• _PROBLEM DESCRIPTION_
All pictures are to be skipped; retype only the lines from the top of the entries through the line with "Dámská sportovní obuv", both included.

• _SUPPLIED MATERIAL_
= Beginning of Section =

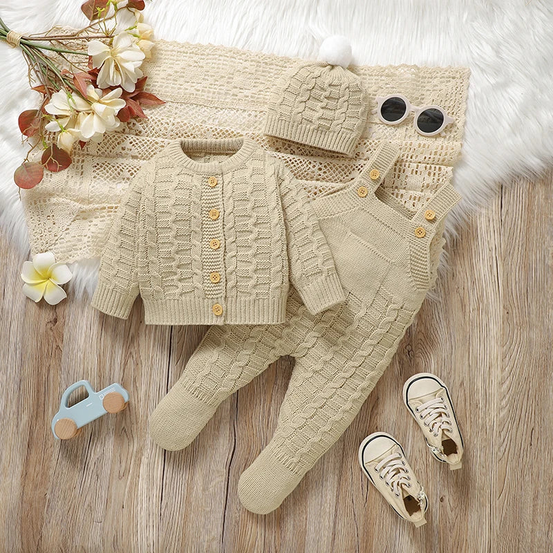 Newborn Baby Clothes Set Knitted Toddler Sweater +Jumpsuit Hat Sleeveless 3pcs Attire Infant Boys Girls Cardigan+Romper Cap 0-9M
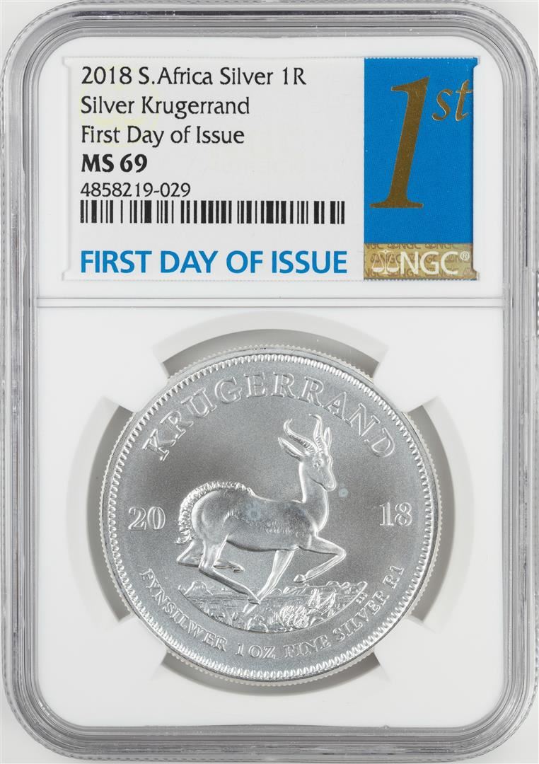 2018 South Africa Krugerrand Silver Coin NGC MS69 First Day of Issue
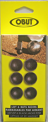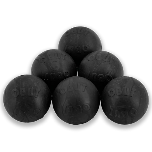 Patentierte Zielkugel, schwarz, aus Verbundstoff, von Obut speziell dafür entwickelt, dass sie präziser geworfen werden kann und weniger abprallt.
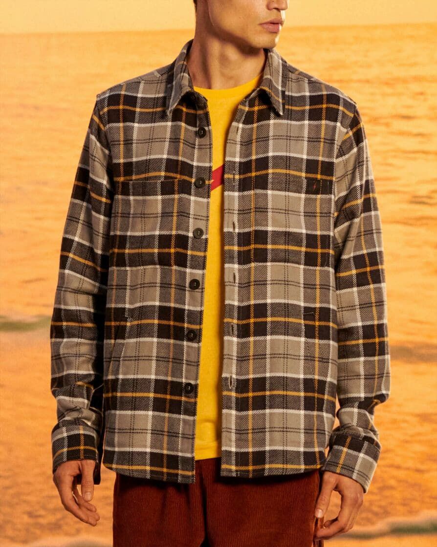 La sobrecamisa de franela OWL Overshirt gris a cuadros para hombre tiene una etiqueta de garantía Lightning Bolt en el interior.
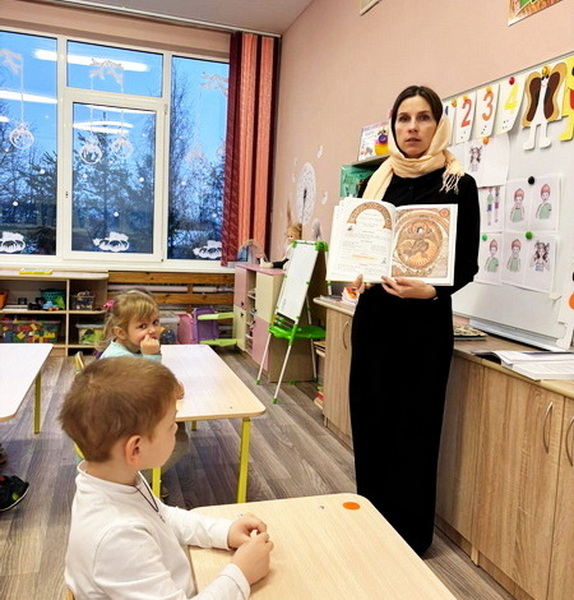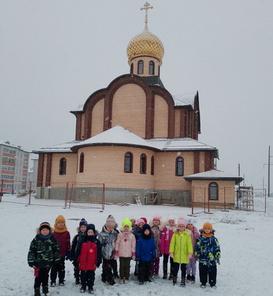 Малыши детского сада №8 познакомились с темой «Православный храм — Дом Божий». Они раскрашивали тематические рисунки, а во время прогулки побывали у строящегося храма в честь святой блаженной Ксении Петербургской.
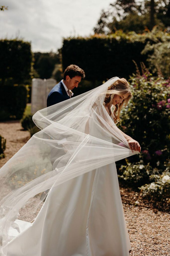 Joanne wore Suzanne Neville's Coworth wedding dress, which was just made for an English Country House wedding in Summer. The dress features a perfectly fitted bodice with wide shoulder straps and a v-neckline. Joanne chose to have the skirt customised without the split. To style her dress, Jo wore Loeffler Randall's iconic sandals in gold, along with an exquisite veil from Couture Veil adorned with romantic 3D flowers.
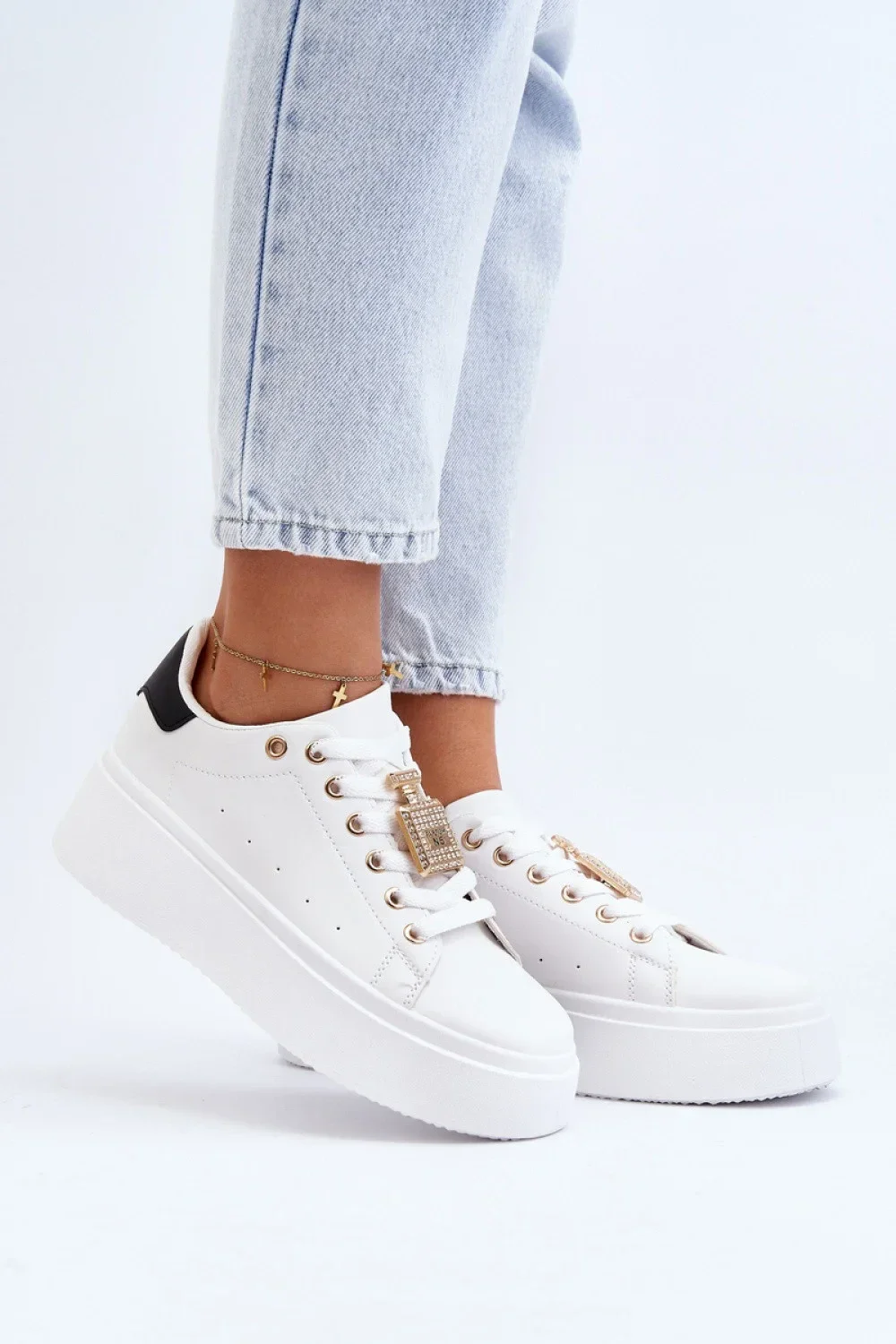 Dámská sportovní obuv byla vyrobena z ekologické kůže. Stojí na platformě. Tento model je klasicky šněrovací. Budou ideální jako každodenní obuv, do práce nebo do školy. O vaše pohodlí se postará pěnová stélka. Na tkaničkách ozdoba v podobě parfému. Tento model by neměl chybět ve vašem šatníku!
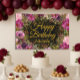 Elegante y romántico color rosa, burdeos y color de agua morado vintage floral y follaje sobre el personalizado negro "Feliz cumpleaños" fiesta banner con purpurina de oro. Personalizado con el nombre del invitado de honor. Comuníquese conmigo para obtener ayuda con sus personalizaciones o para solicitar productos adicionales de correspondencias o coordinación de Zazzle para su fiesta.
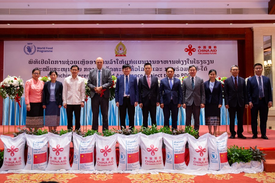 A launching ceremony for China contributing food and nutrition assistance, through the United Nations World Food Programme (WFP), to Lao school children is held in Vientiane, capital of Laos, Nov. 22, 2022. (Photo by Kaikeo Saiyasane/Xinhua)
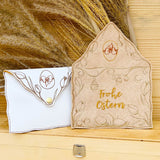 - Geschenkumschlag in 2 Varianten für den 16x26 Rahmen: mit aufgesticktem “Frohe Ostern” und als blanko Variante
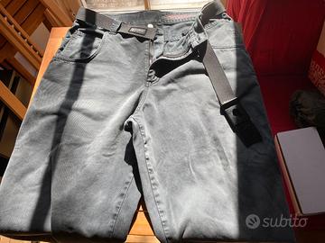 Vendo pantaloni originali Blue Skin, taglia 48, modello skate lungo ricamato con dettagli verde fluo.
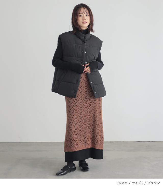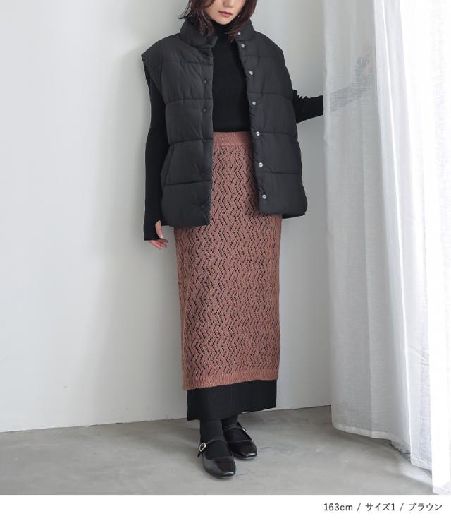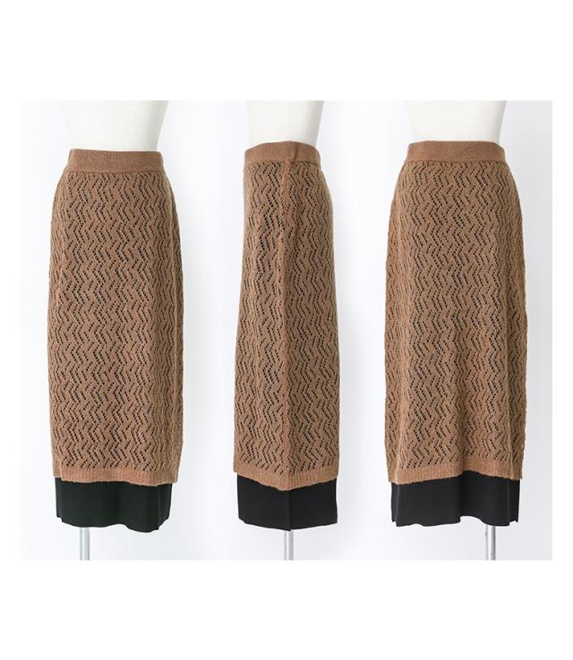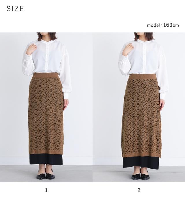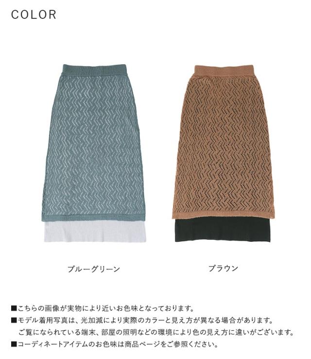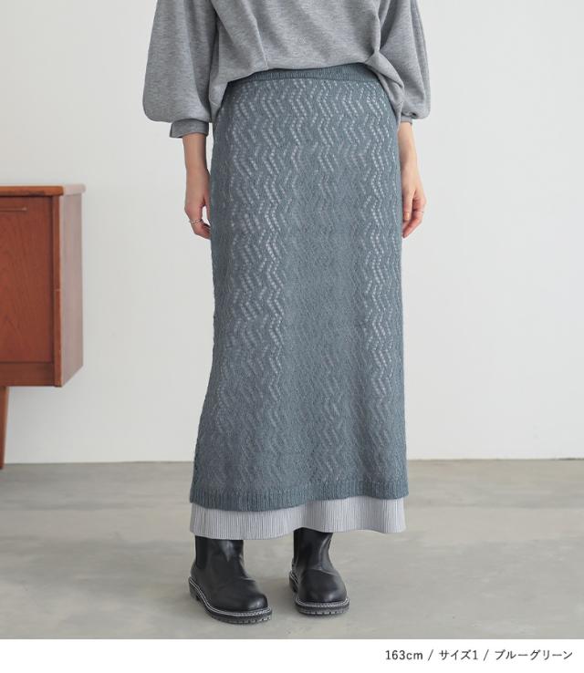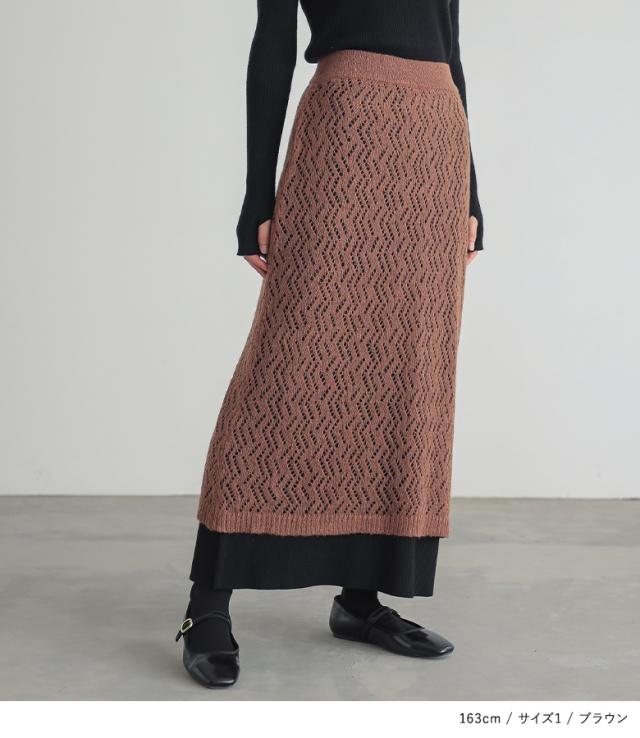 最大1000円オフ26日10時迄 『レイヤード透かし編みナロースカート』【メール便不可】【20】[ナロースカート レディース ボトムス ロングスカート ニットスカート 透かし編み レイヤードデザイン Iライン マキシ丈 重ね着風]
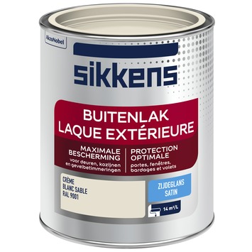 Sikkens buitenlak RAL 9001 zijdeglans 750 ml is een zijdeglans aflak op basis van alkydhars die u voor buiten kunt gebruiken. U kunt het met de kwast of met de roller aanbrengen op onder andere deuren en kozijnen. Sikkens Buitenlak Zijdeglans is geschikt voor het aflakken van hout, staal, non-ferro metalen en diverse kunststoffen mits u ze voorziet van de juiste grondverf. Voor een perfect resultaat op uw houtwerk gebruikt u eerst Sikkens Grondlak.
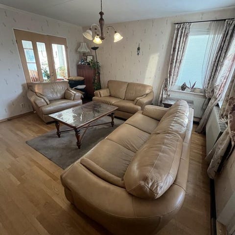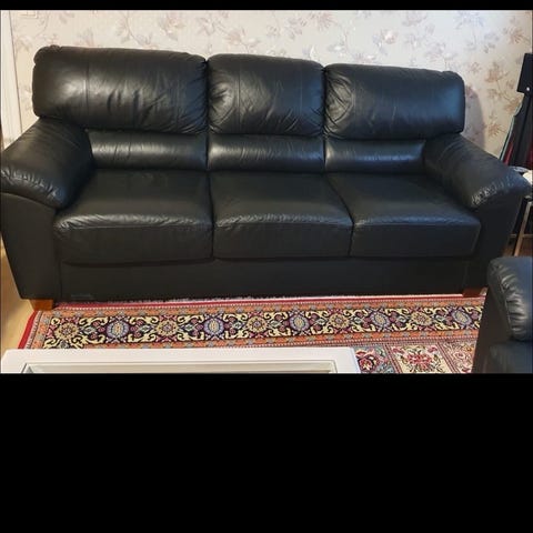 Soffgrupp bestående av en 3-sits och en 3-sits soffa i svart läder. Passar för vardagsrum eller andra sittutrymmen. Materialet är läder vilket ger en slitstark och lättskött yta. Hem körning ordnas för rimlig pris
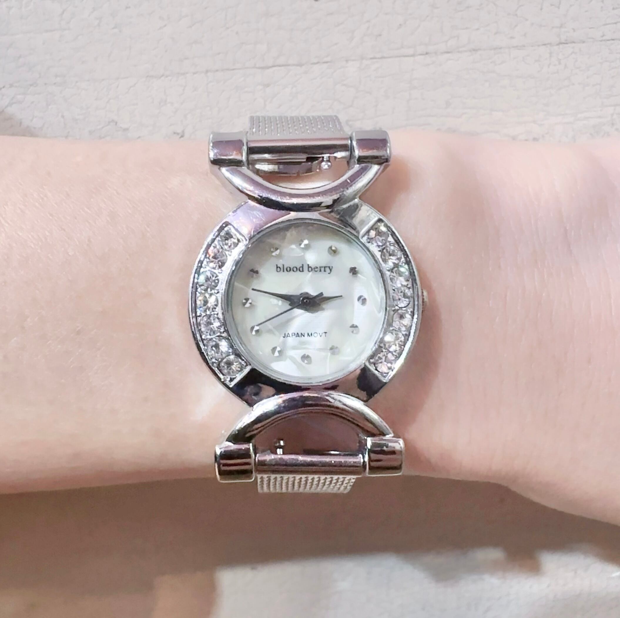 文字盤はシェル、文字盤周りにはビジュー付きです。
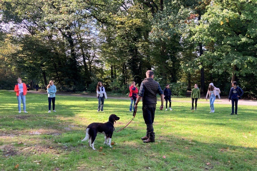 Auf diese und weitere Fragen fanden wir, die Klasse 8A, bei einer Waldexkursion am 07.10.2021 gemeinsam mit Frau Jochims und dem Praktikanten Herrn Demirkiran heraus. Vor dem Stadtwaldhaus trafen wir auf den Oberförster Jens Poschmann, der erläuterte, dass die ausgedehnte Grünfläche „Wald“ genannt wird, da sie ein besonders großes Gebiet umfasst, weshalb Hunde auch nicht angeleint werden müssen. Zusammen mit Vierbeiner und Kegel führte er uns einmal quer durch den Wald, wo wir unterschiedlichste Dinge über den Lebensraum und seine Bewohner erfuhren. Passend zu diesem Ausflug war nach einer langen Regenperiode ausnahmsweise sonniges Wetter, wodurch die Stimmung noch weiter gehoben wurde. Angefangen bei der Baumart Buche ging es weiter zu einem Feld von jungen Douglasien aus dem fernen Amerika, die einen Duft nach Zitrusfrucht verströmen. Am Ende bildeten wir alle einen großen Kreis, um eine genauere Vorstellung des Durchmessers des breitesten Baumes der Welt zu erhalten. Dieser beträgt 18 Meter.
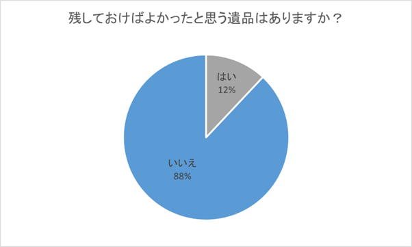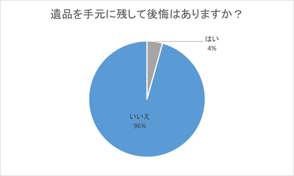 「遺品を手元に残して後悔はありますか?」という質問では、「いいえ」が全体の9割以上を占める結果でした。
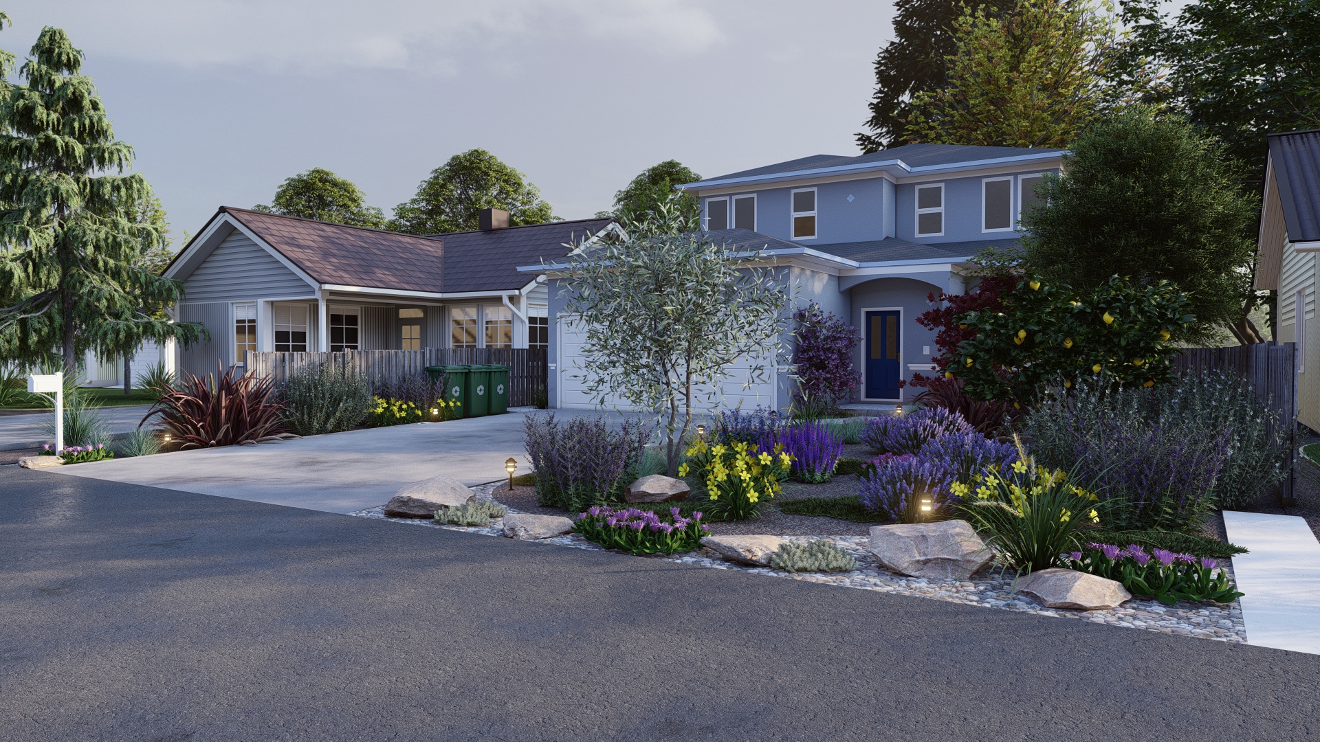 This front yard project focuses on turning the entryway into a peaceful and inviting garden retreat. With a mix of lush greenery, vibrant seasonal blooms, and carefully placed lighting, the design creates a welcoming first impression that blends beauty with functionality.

= End of Section =

• _ANSWER BOX_
 Newborn Baby Clothes Set Knitted Toddler Sweater +Jumpsuit Hat Sleeveless 3pcs Attire Infant Boys Girls Cardigan+Romper Cap 0-9M
 2018 South Africa Krugerrand Silver Coin NGC MS69 First Day of Issue
 Patentierte Zielkugel, schwarz, aus Verbundstoff, von Obut speziell dafür entwickelt, dass sie präziser geworfen werden kann und weniger abprallt.
 La sobrecamisa de franela OWL Overshirt gris a cuadros para hombre tiene una etiqueta de garantía Lightning Bolt en el interior.
 Малыши детского сада №8 познакомились с темой «Православный храм — Дом Божий». Они раскрашивали тематические рисунки, а во время прогулки побывали у строящегося храма в честь святой блаженной Ксении Петербургской.
 Joanne wore Suzanne Neville's Coworth wedding dress, which was just made for an English Country House wedding in Summer. The dress features a perfectly fitted bodice with wide shoulder straps and a v-neckline. Joanne chose to have the skirt customised without the split. To style her dress, Jo wore Loeffler Randall's iconic sandals in gold, along with an exquisite veil from Couture Veil adorned with romantic 3D flowers.
 Dámská sportovní obuv byla vyrobena z ekologické kůže. Stojí na platformě. Tento model je klasicky šněrovací. Budou ideální jako každodenní obuv, do práce nebo do školy. O vaše pohodlí se postará pěnová stélka. Na tkaničkách ozdoba v podobě parfému. Tento model by neměl chybět ve vašem šatníku!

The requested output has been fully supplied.